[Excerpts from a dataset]
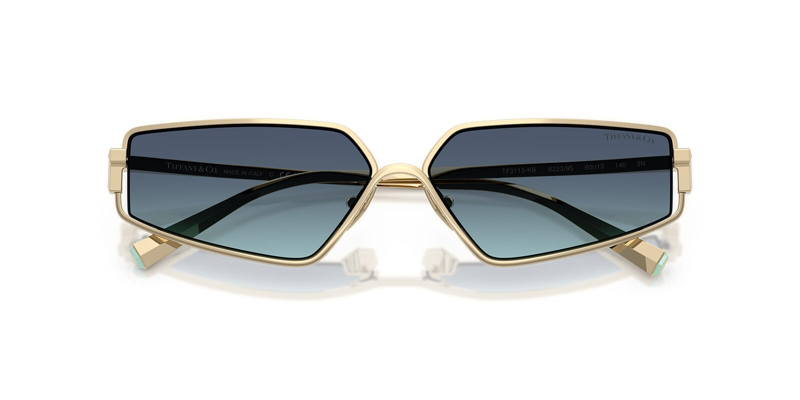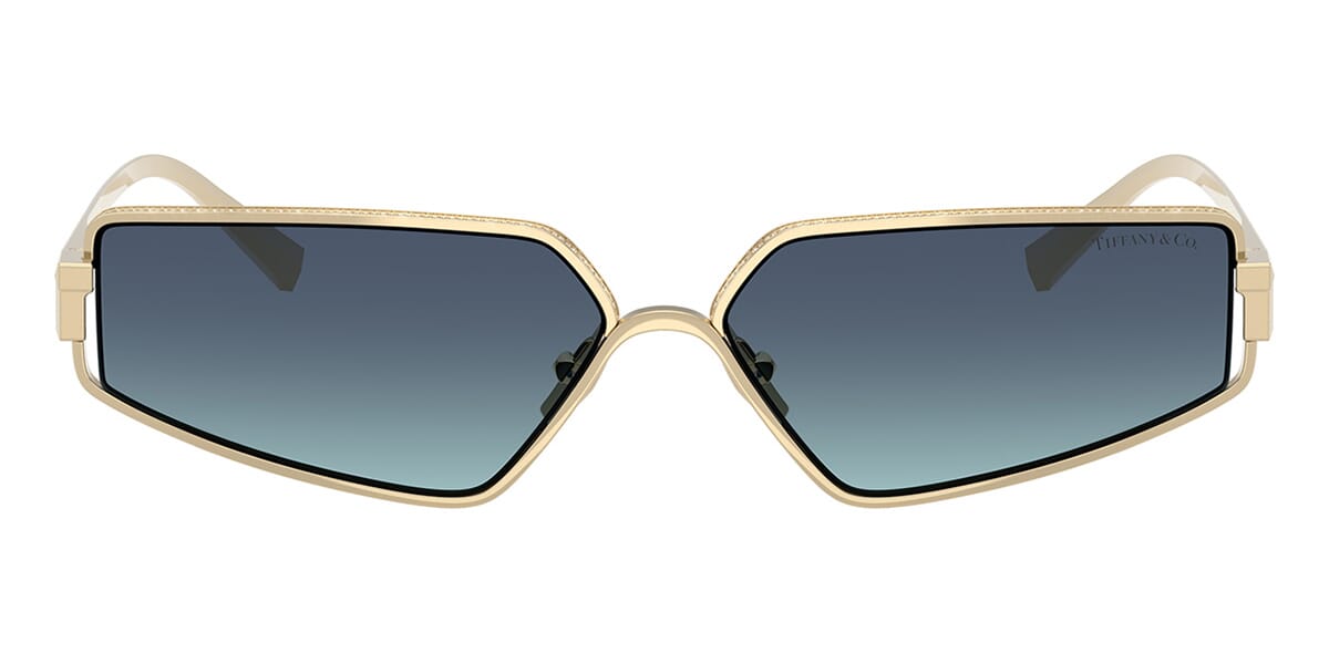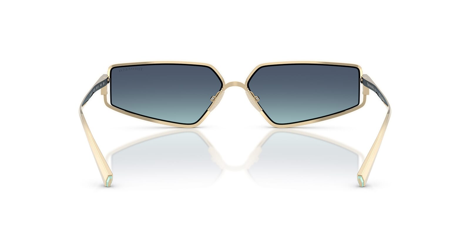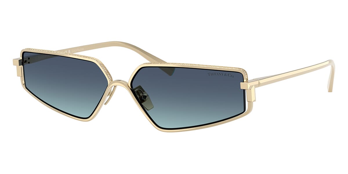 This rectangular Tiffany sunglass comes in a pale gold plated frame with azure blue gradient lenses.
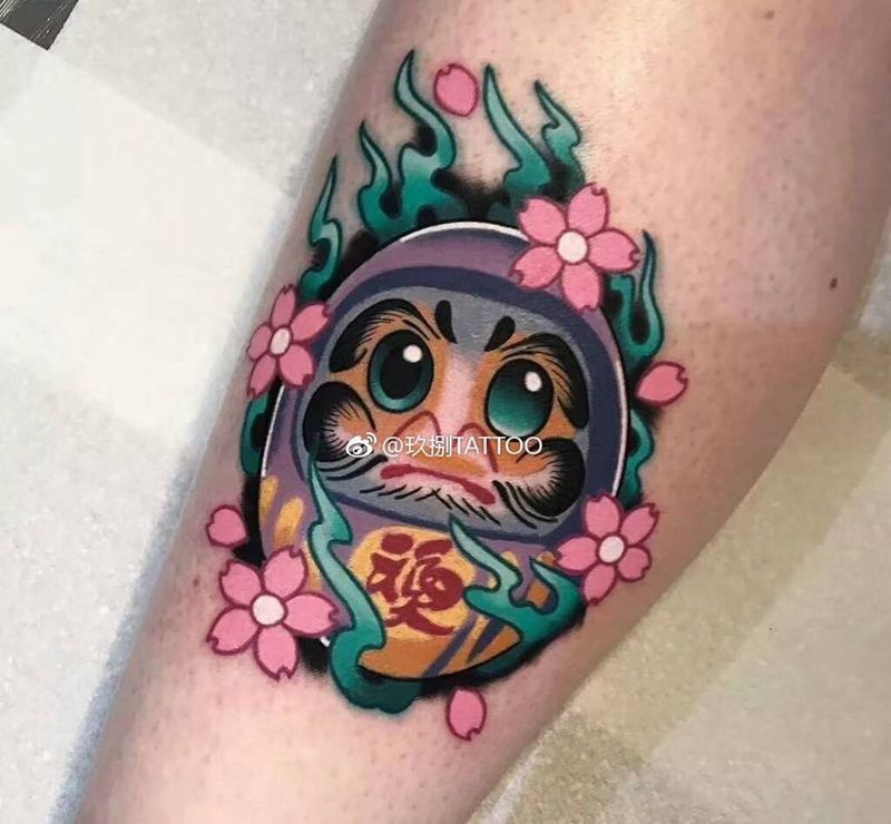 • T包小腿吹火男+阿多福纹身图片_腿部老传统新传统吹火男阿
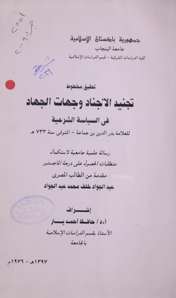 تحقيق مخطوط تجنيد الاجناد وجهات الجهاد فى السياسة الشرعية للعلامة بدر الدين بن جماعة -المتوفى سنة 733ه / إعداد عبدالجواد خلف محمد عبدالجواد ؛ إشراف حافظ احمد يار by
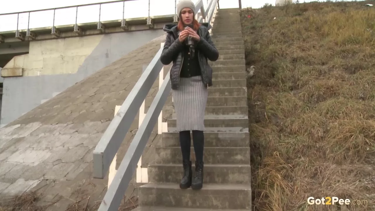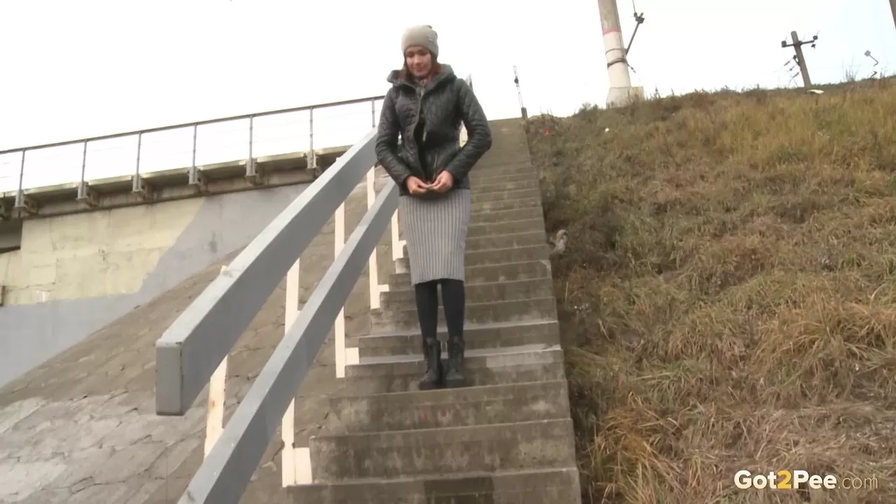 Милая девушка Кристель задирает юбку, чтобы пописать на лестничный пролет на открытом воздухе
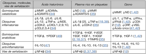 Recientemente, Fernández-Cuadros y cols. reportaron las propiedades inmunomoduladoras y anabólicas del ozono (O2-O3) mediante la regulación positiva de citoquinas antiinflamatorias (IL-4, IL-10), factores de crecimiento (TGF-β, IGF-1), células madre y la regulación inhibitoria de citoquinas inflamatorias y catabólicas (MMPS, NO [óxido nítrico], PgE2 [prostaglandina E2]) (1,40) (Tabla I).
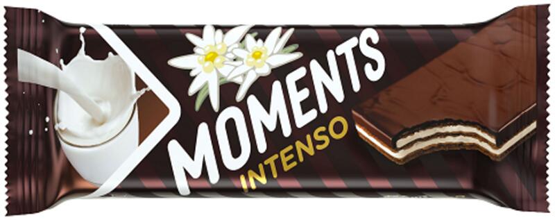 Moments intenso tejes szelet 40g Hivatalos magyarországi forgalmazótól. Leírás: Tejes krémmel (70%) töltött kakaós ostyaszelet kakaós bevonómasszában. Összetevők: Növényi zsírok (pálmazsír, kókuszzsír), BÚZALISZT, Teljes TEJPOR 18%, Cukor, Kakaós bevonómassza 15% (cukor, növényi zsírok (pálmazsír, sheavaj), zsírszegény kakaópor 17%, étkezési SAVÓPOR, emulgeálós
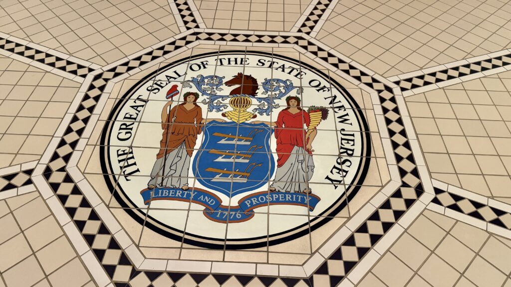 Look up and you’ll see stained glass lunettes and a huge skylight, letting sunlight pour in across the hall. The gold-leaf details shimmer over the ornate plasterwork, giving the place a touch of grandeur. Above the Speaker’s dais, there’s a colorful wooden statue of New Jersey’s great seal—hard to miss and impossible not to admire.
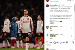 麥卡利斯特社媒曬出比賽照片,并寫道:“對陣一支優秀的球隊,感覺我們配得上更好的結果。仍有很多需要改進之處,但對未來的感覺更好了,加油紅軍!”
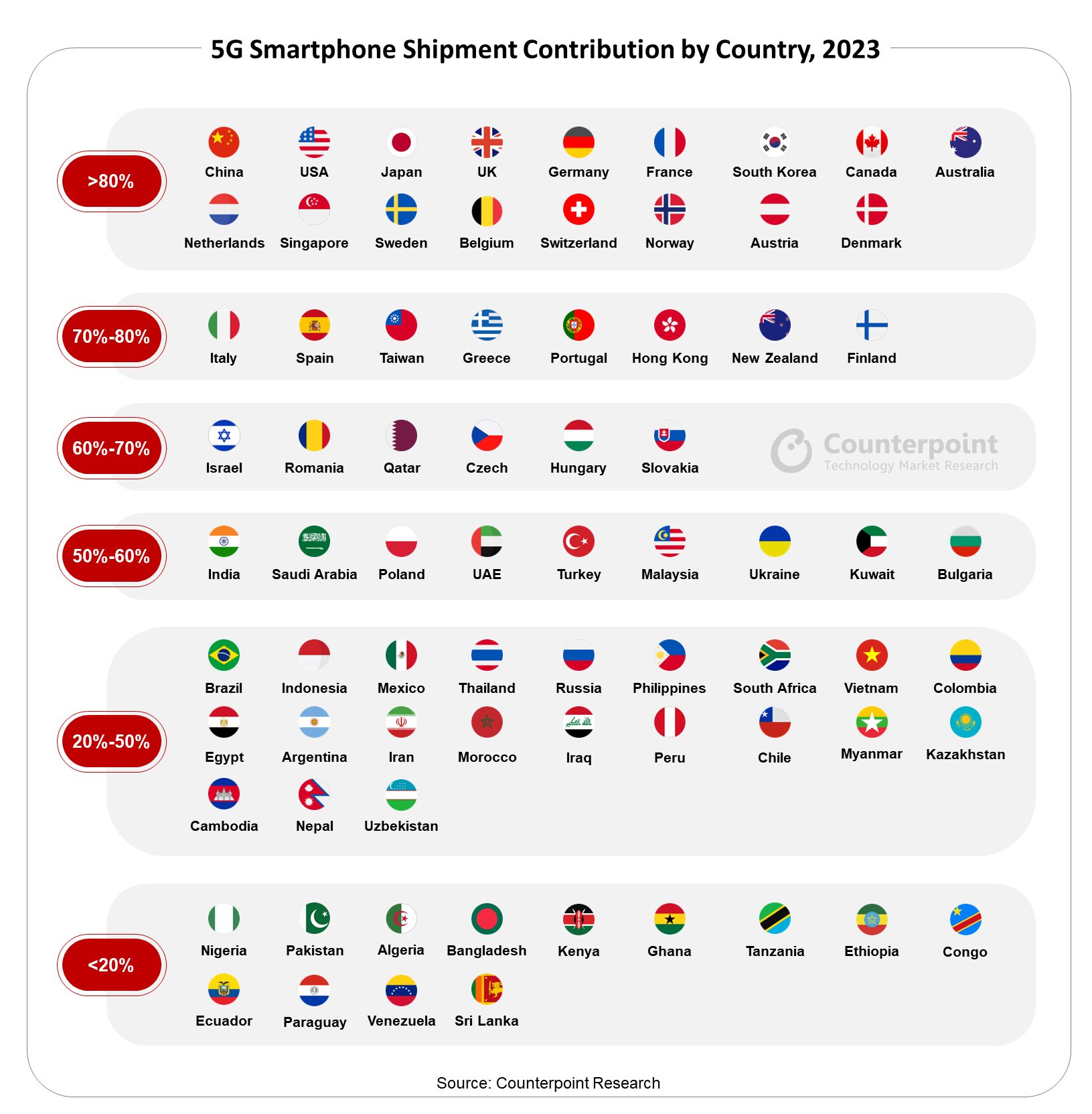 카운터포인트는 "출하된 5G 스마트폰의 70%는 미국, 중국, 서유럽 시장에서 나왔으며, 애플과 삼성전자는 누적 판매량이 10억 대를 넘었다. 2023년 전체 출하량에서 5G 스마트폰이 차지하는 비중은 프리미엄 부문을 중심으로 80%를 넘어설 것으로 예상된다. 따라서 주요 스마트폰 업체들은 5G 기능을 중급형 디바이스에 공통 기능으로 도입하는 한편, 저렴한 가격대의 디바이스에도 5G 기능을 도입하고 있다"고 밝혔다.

### Task to carry out
Print all of the data exactly, and do not carry over any pictures.

### Answer section
 This rectangular Tiffany sunglass comes in a pale gold plated frame with azure blue gradient lenses.
 • T包小腿吹火男+阿多福纹身图片_腿部老传统新传统吹火男阿
 تحقيق مخطوط تجنيد الاجناد وجهات الجهاد فى السياسة الشرعية للعلامة بدر الدين بن جماعة -المتوفى سنة 733ه / إعداد عبدالجواد خلف محمد عبدالجواد ؛ إشراف حافظ احمد يار by
 Милая девушка Кристель задирает юбку, чтобы пописать на лестничный пролет на открытом воздухе
 Recientemente, Fernández-Cuadros y cols. reportaron las propiedades inmunomoduladoras y anabólicas del ozono (O2-O3) mediante la regulación positiva de citoquinas antiinflamatorias (IL-4, IL-10), factores de crecimiento (TGF-β, IGF-1), células madre y la regulación inhibitoria de citoquinas inflamatorias y catabólicas (MMPS, NO [óxido nítrico], PgE2 [prostaglandina E2]) (1,40) (Tabla I).
 Moments intenso tejes szelet 40g Hivatalos magyarországi forgalmazótól. Leírás: Tejes krémmel (70%) töltött kakaós ostyaszelet kakaós bevonómasszában. Összetevők: Növényi zsírok (pálmazsír, kókuszzsír), BÚZALISZT, Teljes TEJPOR 18%, Cukor, Kakaós bevonómassza 15% (cukor, növényi zsírok (pálmazsír, sheavaj), zsírszegény kakaópor 17%, étkezési SAVÓPOR, emulgeálós
 Look up and you’ll see stained glass lunettes and a huge skylight, letting sunlight pour in across the hall. The gold-leaf details shimmer over the ornate plasterwork, giving the place a touch of grandeur. Above the Speaker’s dais, there’s a colorful wooden statue of New Jersey’s great seal—hard to miss and impossible not to admire.
 麥卡利斯特社媒曬出比賽照片,并寫道:“對陣一支優秀的球隊,感覺我們配得上更好的結果。仍有很多需要改進之處,但對未來的感覺更好了,加油紅軍!”
 카운터포인트는 "출하된 5G 스마트폰의 70%는 미국, 중국, 서유럽 시장에서 나왔으며, 애플과 삼성전자는 누적 판매량이 10억 대를 넘었다. 2023년 전체 출하량에서 5G 스마트폰이 차지하는 비중은 프리미엄 부문을 중심으로 80%를 넘어설 것으로 예상된다. 따라서 주요 스마트폰 업체들은 5G 기능을 중급형 디바이스에 공통 기능으로 도입하는 한편, 저렴한 가격대의 디바이스에도 5G 기능을 도입하고 있다"고 밝혔다.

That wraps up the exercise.